It took me a few moments of sitting here with that funny feeling to discover what exactly it was I was percolating. It turned out to be a blog. I should have sensed it from my prelude of recounting vivid stories to anyone who will listen. Just like a good bowel movement (aren’t they all?), expelling a little too much pre-ceremic gas can sometimes leave you a little puffed for the main event. Thus I thought I had better get on here and let you all know what’s consuming my life.
The show is going swell. I’m having a magnificent time doing the show. Unlike other shows when I have appreciated the breaks, with this show I just want to be back there performing again. I vaguely remember, during Little Shop of Horrors, saying “I’ll go back into the orchestra pit after this one”, but this time I’m thinking I’d like to do more stage work next year. It’s really a terrific joy to do the show, and if no one else is having fun, I certainly am. The audiences are eating it up too, and sometimes catch us off guard with their responses and energy. I was particularly amused one performance while Brett bent over to give the audience a bit of moon action, someone in the front row cried “Oh, Jesus Christ!” It was even nicer to discover it was his own mother.

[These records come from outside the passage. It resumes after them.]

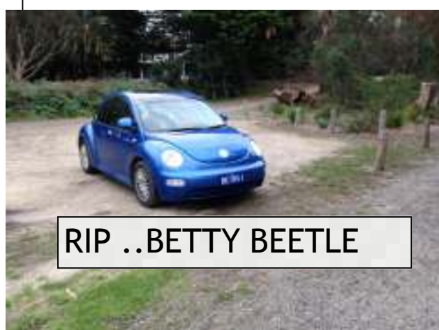
RIP ..BETTY BEETLE
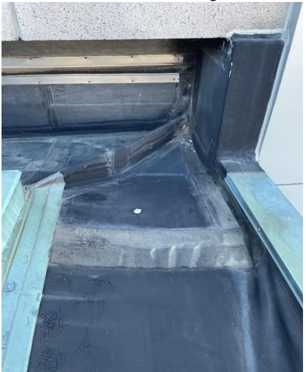
East wall northeast corner looking north
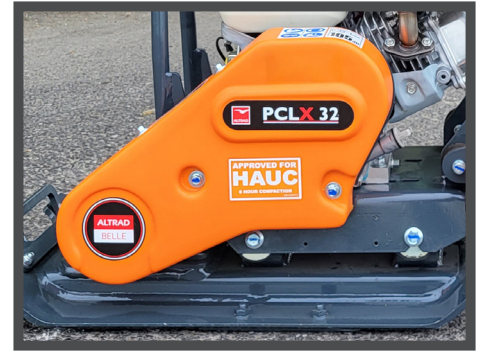
8HRS+ SAFE MACHINE
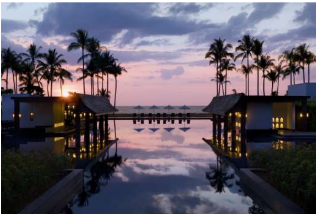
Ground level rooms give guests direct access to the lagoon-shaped swimming pool.
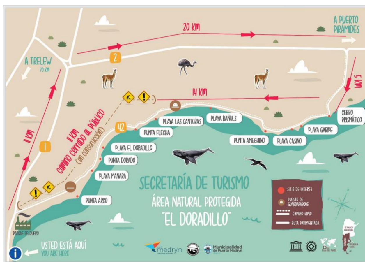
Illustrative Map - ANP El Doradillo
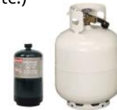
Propane tanks, Propane cylinders
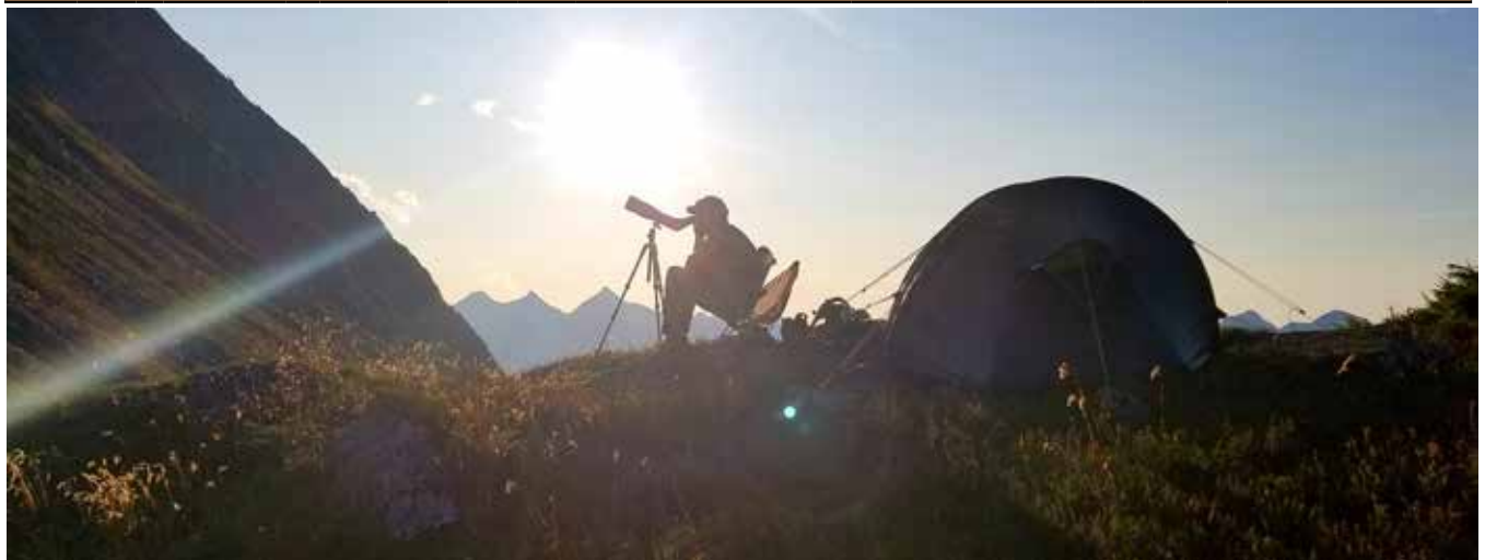
Jon Pearce glasses for mountain goats, Baranof Island.

In Unit 23, snowmachines may be used to position caribou, wolf, and wolverine for harvest and they may be shot from a stationary snowmachine .
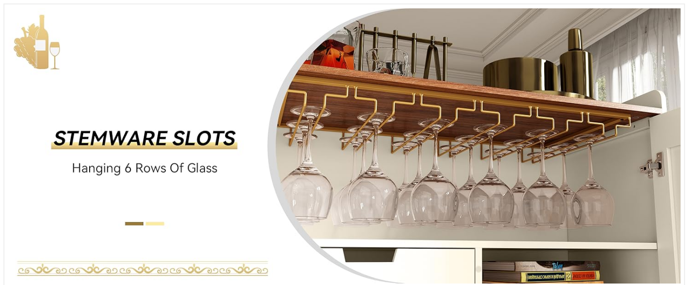
Image: A close-up view of the six rows of stemware slots, designed to securely hang wine glasses within the cabinet.
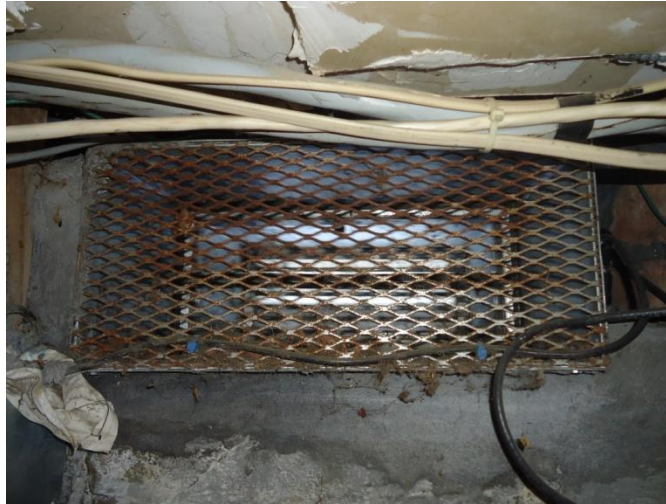
Figure 14. A vent in the basement which allows air to flow in from outside.

The 18 inch concrete foundation in Fero House has withstood the test of time very well. There are no apparent leaks to the outside in the foundation itself and no signs of flooding that are typically seen in older basements. There is however an opening installed in the boiler room which allows a large amount of outside air to flow directly into the basement (Figure 14).
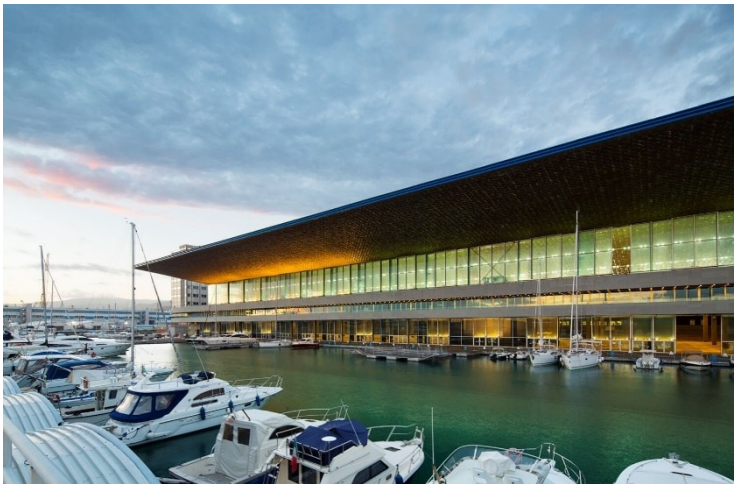
Hall of preliminaries

Address: P.le John Fitzgerald Kennedy, 1 16128 Genova GE Italy
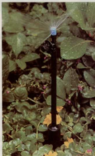
Raindrip Aqua-Pop sprinkler

The Aqua-Pop pop-up irrigation assemblies rise up with only six pounds of water pressure to a height five or nine inches above ground cover. The sprinklers provide even coverage and retract back into the ground when not in use. They come barbed or threaded for connection to quarter- or half-inch PVC. All come with Micro Spray Jets in three different spray patterns: full, half, or quarter circle. Also available are pressure-compensating drippers that maintain rated flow rate for 10-60 psi inlet pressure.

After last Saturday’s performance we headed over to Adam and Greg’s for a shindig, and I didn’t get home and to bed until 6am, which was a little nasty considering we had a matinee performance on the Sunday, and I had to wake up at 10am to let my parents back in after they arrived back from their overseas holiday. Even though I was on only 4 hours sleep, I felt pretty good (unlike the 80% of the cast who had a cold), and had a nice performance.

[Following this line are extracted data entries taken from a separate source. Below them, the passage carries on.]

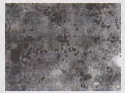
Figure 1. Sporangia on the underside of a cucumber leaf.

The causal agent of downy mildew, Pseudoperonospora cubensis, is a plant pathogen in the water mold family, which survives only associated with living cucurbit tissue. Therefore it does not survive the winter in the Midwest and must be re-introduced each year. Counties in northern Ohio and southeast Michigan appear to bear the brunt of early introductions from the north (possibly from northern cucumber production greenhouses, which may serve as a "green bridge" for the pathogen), while areas further south generally don't see the disease until late July or August. This may be due to spread from northern areas as well as introduction from the southern US. There are several different pathotypes of the downy mildew pathogen that affect vine crops differently. For example, several do not attack watermelon, pumpkins and squash, while others attack all vine crops. The types we have been seeing in the early introductions appear to be consistently aggressive on cucumber and less so on melons, pumpkins, squash and watermelon. Later introductions from the south may be more aggressive on pumpkins, squash and melon than those from the north.
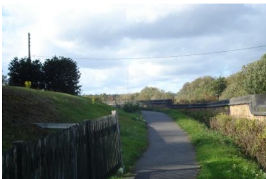
The path leading to the shop
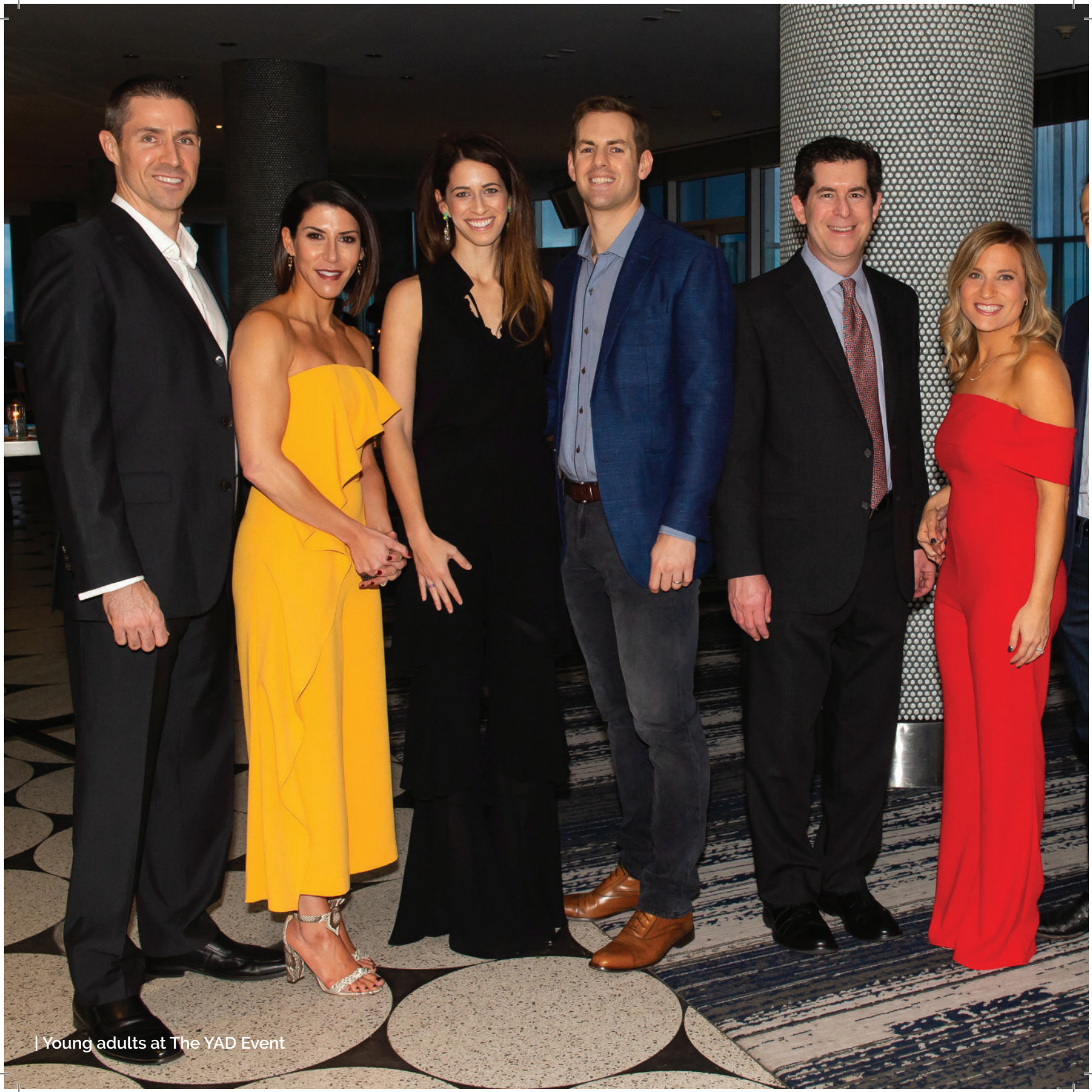
| Young adults at The YAD Event

The show closes this Saturday, and Adam and I are going to try to use a wireless spycam attached to my costume as an extra camera angle for the DVD that was filmed last Saturday. I’ll be sure to point it to the piano a few times because it turns out that unless audience members know that I play piano, no one has been believing that I am actually playing the music whenever I’m at the piano. After all that work to get the playing, the singing and the acting happening at the same time, no one believes me. What infuriates me even more is that no one, including the cast, believed me when I told them that I actually play with my hands crossed over in the Just For Me number, which is a gag when another character turns my sheet music upside down. It’s hard! All that work and no one believes I do it. Oh well.
I’m really excited about the final weekend. I just hope I make it back from Sydney after seeing Sondheim in time for the Friday evening performance!

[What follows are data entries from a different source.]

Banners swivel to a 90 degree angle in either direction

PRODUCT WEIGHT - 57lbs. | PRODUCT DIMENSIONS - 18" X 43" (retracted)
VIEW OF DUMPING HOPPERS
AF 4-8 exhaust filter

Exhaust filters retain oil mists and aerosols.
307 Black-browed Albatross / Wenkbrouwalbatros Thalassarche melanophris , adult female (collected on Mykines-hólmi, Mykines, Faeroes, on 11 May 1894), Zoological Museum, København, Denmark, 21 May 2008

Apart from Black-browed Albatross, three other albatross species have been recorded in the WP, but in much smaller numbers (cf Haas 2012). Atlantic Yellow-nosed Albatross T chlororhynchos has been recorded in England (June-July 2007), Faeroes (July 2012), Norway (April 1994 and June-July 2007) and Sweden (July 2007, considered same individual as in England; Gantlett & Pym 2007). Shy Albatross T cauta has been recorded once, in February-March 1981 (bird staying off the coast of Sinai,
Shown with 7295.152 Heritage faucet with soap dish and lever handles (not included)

To quote the show “I’m offended!” I was under the impression you played everything including bagettes, until a certain person busted my bubble on that issue.
I’m so glad you never talked about a bowel movement. Talking about the show made much more sense. Good luck with the last of the performances.
Hey Tyson, i’ve been playing the whole show with my hands crossed over each other!
Oh whinge whinge whinge! I’m having a hard time convincing anyone that i do ANYTHING! They’ll see you playing in RHC, don’t worry.